◆ RECORDS SHOWN ◆

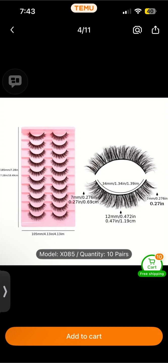 Get a stunning look with these false eyelashes. This pack includes 10 pairs for a fantastic value. The lashes are designed for a natural yet voluminous appearance, perfect for everyday wear or special occasions.
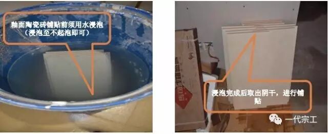 1、铺贴釉面陶瓷地面砖前,应先将陶瓷地面砖浸泡阴干(浸泡至不起气泡即可取出阴干)。
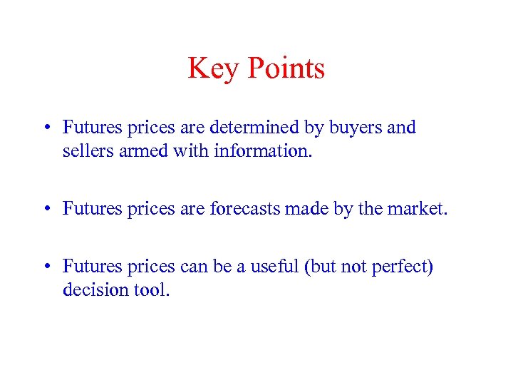 Key Points • Futures prices are determined by buyers and sellers armed with information. • Futures prices are forecasts made by the market. • Futures prices can be a useful (but not perfect) decision tool.
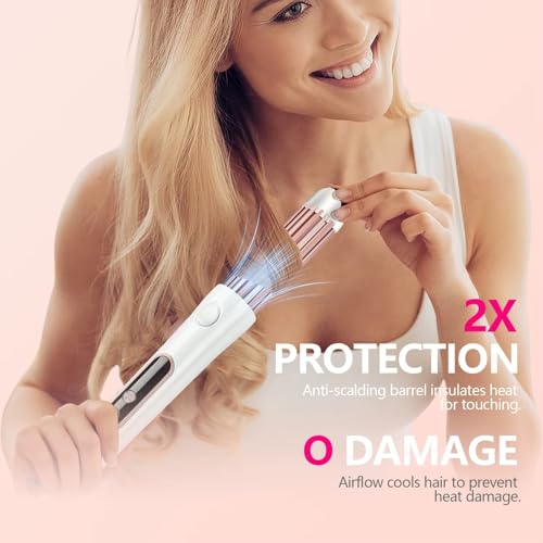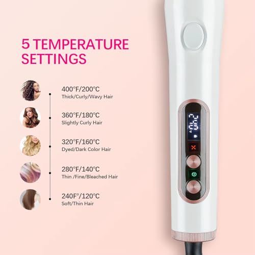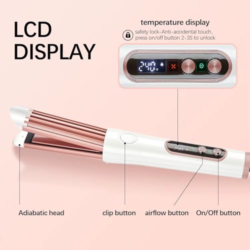 Generic - مكواة شعر سيراميك 2 في 1 للفرد والتجعيد مع تقنية الهواء البارد، شاشة LCD، 36 واط، 120-200 درجة مئوية، أبيض وذهبي وردي
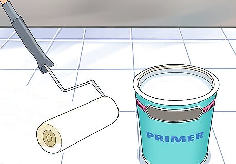 Prime the tiles you want to paint. Read the instructions on the tin of the primer before applying it. Use a roller to apply the primer evenly to the surface of the tiles. You can use a paintbrush if you don't have a roller. Give the primer 4 hours to dry after applying it to your tiles.
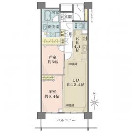間取り 2LDK 専有面積 66.98m2(20.2坪) 壁芯
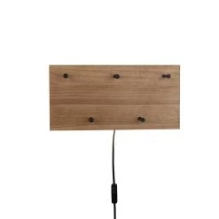 Deze kapstok wordt geleverd incl een zwart stoffen snoer met schakelaar. De hoogte is 20 cm en de totale breedte is 40 cm. De diepte zonder haken is 4,5 cm en met haken: 9,5 cm. Kleur hout: Eiken.
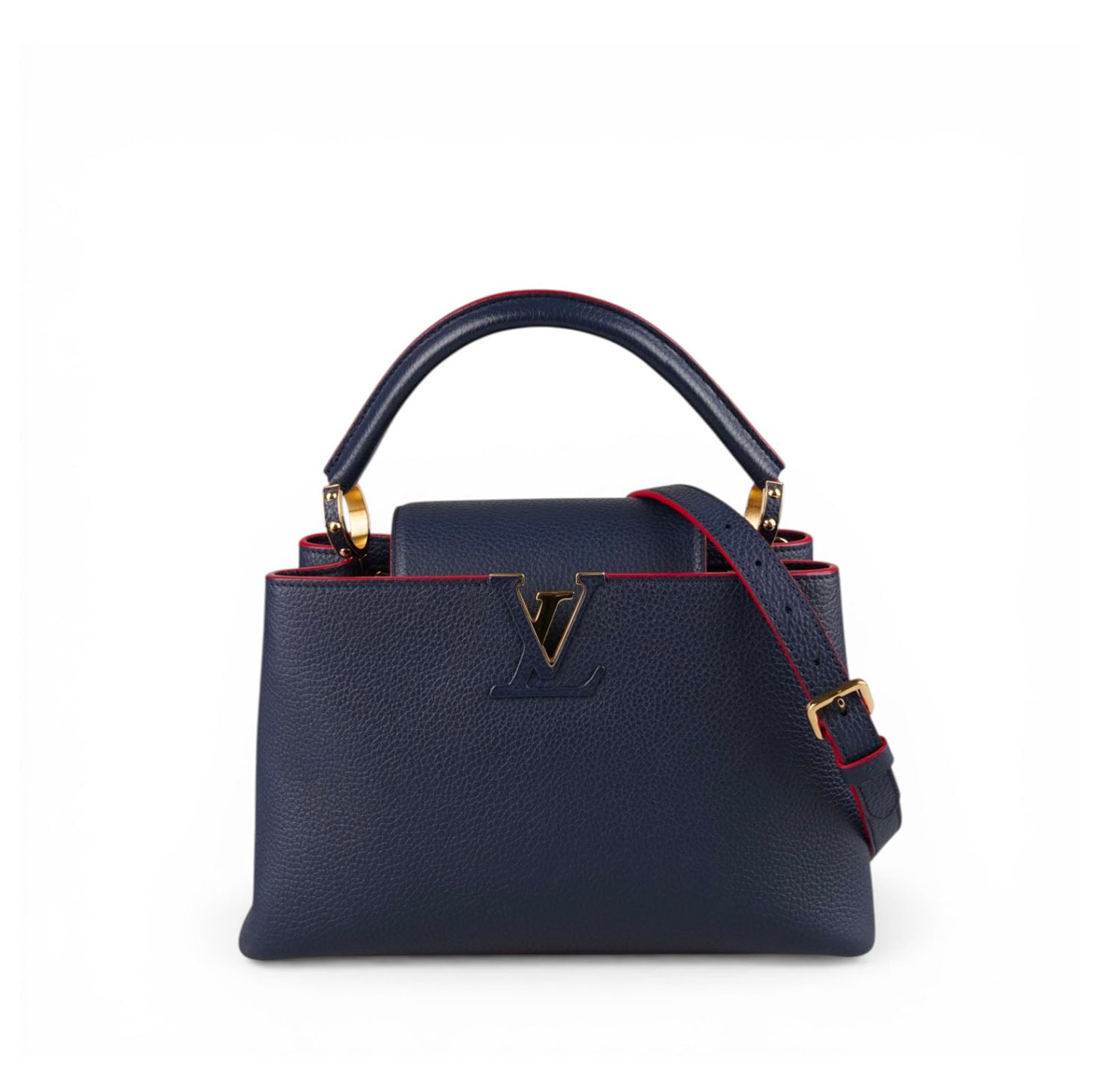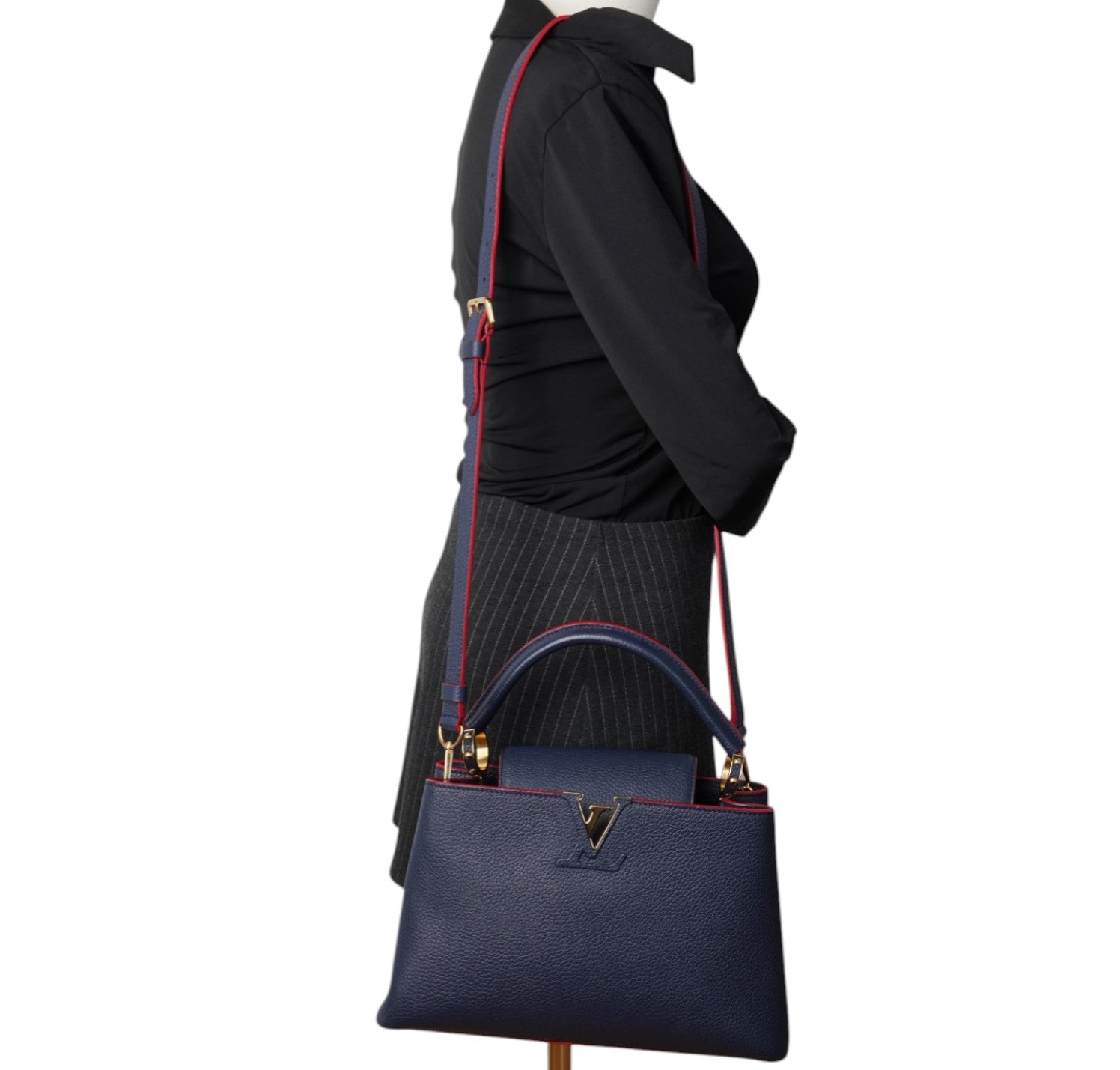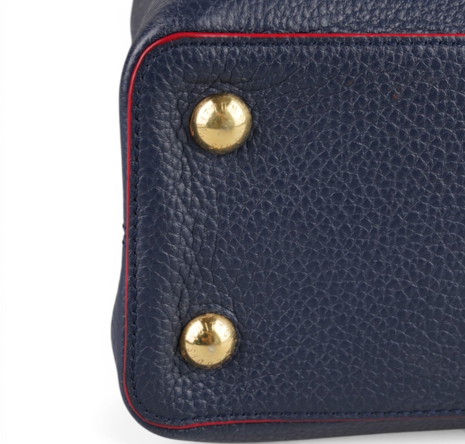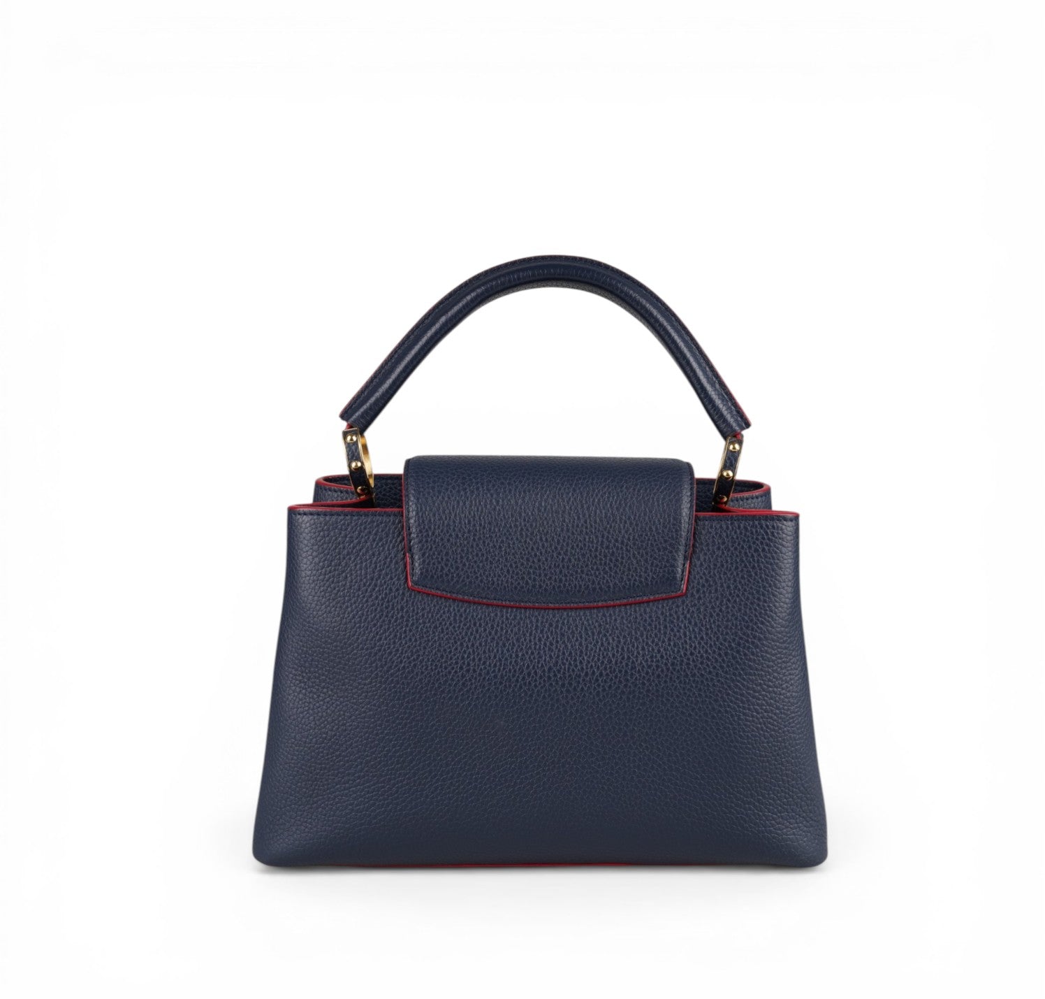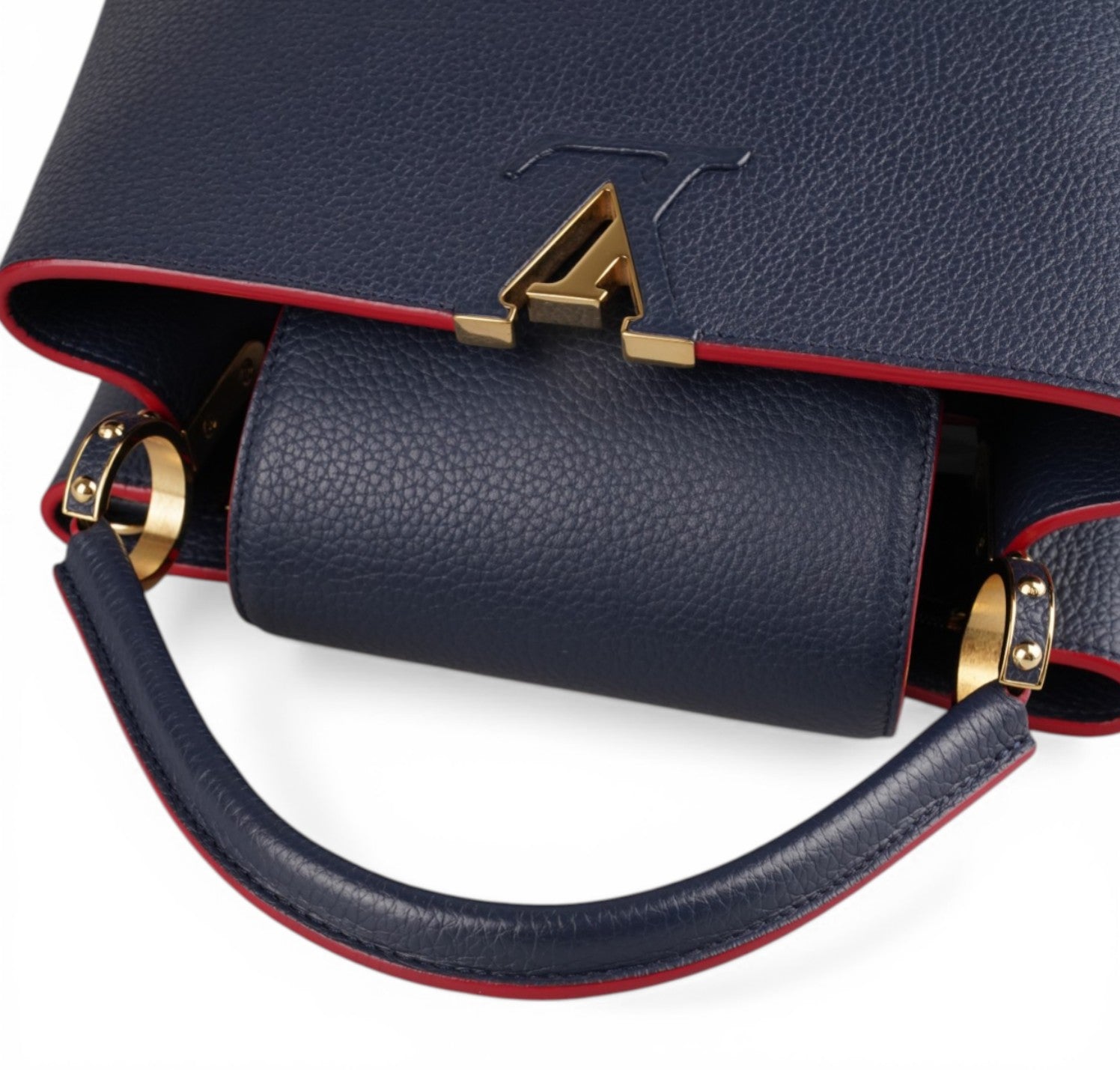Borsa Louis Vuitton, modello Capucines MM, realizzata in pelle Taurillon Blu Marino con profili a contrasto in Rosso. Parti metalliche color Oro. Manico singolo rigido e tracolla rimovibile e regolabile per l'utilizzo a spalla o crossbody. Chiusura con pattina superiore interna impreziosita da motivo Monogram a fiore. Logo LV in rilievo applicato frontalmente. Interno in pelle con due scomparti separati. Minimi segni d’uso e micrograffi su metalleria.
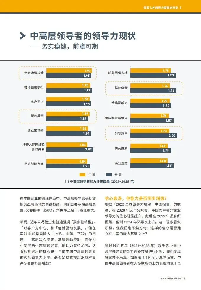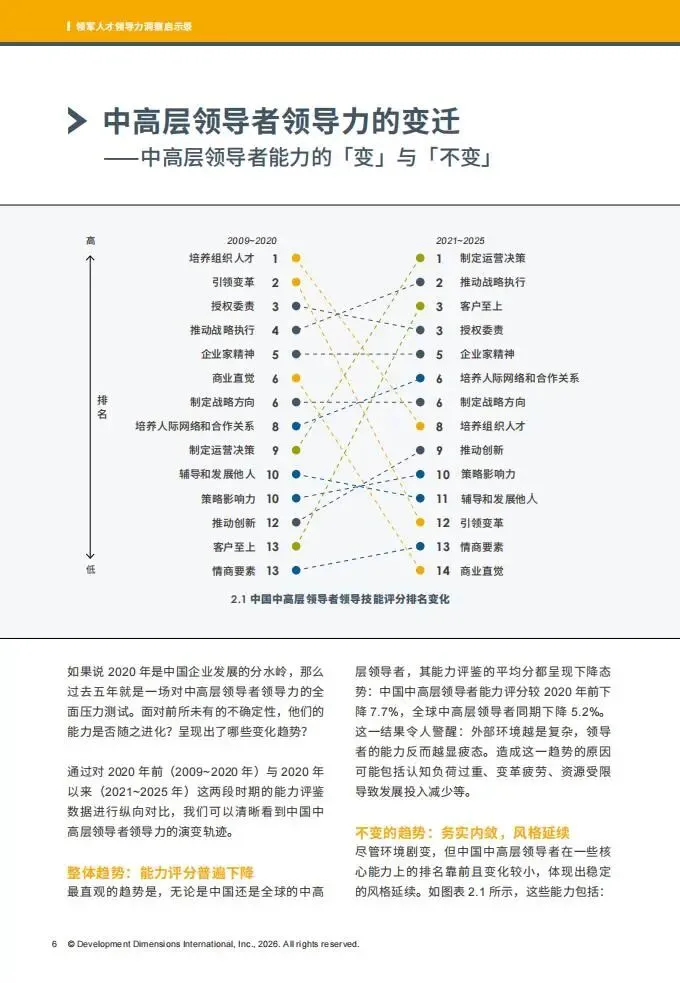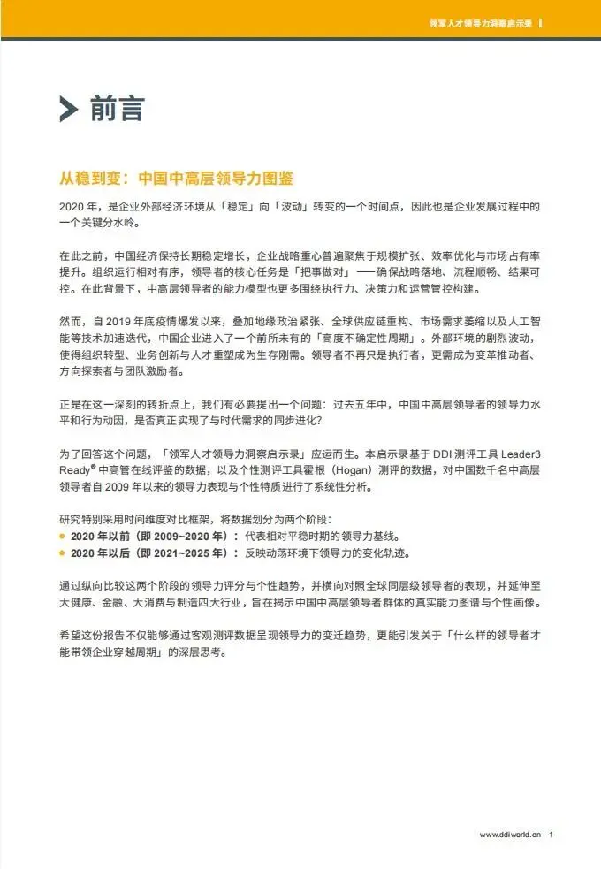 《领军人才领导力洞察启示录》基于DDI测评工具与霍根个性测评数据,对中国数千名中高层领导者2009年以来的表现进行系统性分析,以2020年为时间分水岭,对比了平稳时期与动荡环境下的领导力变迁,同时涵盖四大行业的特色洞察。
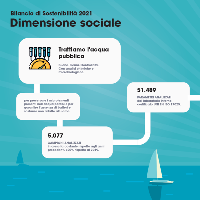 Il macro-capitolo relativo alla Dimensione Sociale è stato dedicato completamente alla rendicontazione dell’impatto di quelle attività del Servizio Idrico Integrato che riguardano da vicino i clienti e il territorio, in termini di erogazione e qualità dell’acqua, fatturazione, servizio clienti telefonico e di sportello, servizio di Pronto Intervento, attività web e di comunicazione etc.

◆ THE PROBLEM ◆
Set down every entry above without alteration, but print no images.

◆ ANSWER FOR THIS EXERCISE ◆
 Get a stunning look with these false eyelashes. This pack includes 10 pairs for a fantastic value. The lashes are designed for a natural yet voluminous appearance, perfect for everyday wear or special occasions.
 1、铺贴釉面陶瓷地面砖前,应先将陶瓷地面砖浸泡阴干(浸泡至不起气泡即可取出阴干)。
 Key Points • Futures prices are determined by buyers and sellers armed with information. • Futures prices are forecasts made by the market. • Futures prices can be a useful (but not perfect) decision tool.
 Generic - مكواة شعر سيراميك 2 في 1 للفرد والتجعيد مع تقنية الهواء البارد، شاشة LCD، 36 واط، 120-200 درجة مئوية، أبيض وذهبي وردي
 Prime the tiles you want to paint. Read the instructions on the tin of the primer before applying it. Use a roller to apply the primer evenly to the surface of the tiles. You can use a paintbrush if you don't have a roller. Give the primer 4 hours to dry after applying it to your tiles.
間取り 2LDK 専有面積 66.98m2(20.2坪) 壁芯
 Deze kapstok wordt geleverd incl een zwart stoffen snoer met schakelaar. De hoogte is 20 cm en de totale breedte is 40 cm. De diepte zonder haken is 4,5 cm en met haken: 9,5 cm. Kleur hout: Eiken.
Borsa Louis Vuitton, modello Capucines MM, realizzata in pelle Taurillon Blu Marino con profili a contrasto in Rosso. Parti metalliche color Oro. Manico singolo rigido e tracolla rimovibile e regolabile per l'utilizzo a spalla o crossbody. Chiusura con pattina superiore interna impreziosita da motivo Monogram a fiore. Logo LV in rilievo applicato frontalmente. Interno in pelle con due scomparti separati. Minimi segni d’uso e micrograffi su metalleria.
 《领军人才领导力洞察启示录》基于DDI测评工具与霍根个性测评数据,对中国数千名中高层领导者2009年以来的表现进行系统性分析,以2020年为时间分水岭,对比了平稳时期与动荡环境下的领导力变迁,同时涵盖四大行业的特色洞察。
 Il macro-capitolo relativo alla Dimensione Sociale è stato dedicato completamente alla rendicontazione dell’impatto di quelle attività del Servizio Idrico Integrato che riguardano da vicino i clienti e il territorio, in termini di erogazione e qualità dell’acqua, fatturazione, servizio clienti telefonico e di sportello, servizio di Pronto Intervento, attività web e di comunicazione etc.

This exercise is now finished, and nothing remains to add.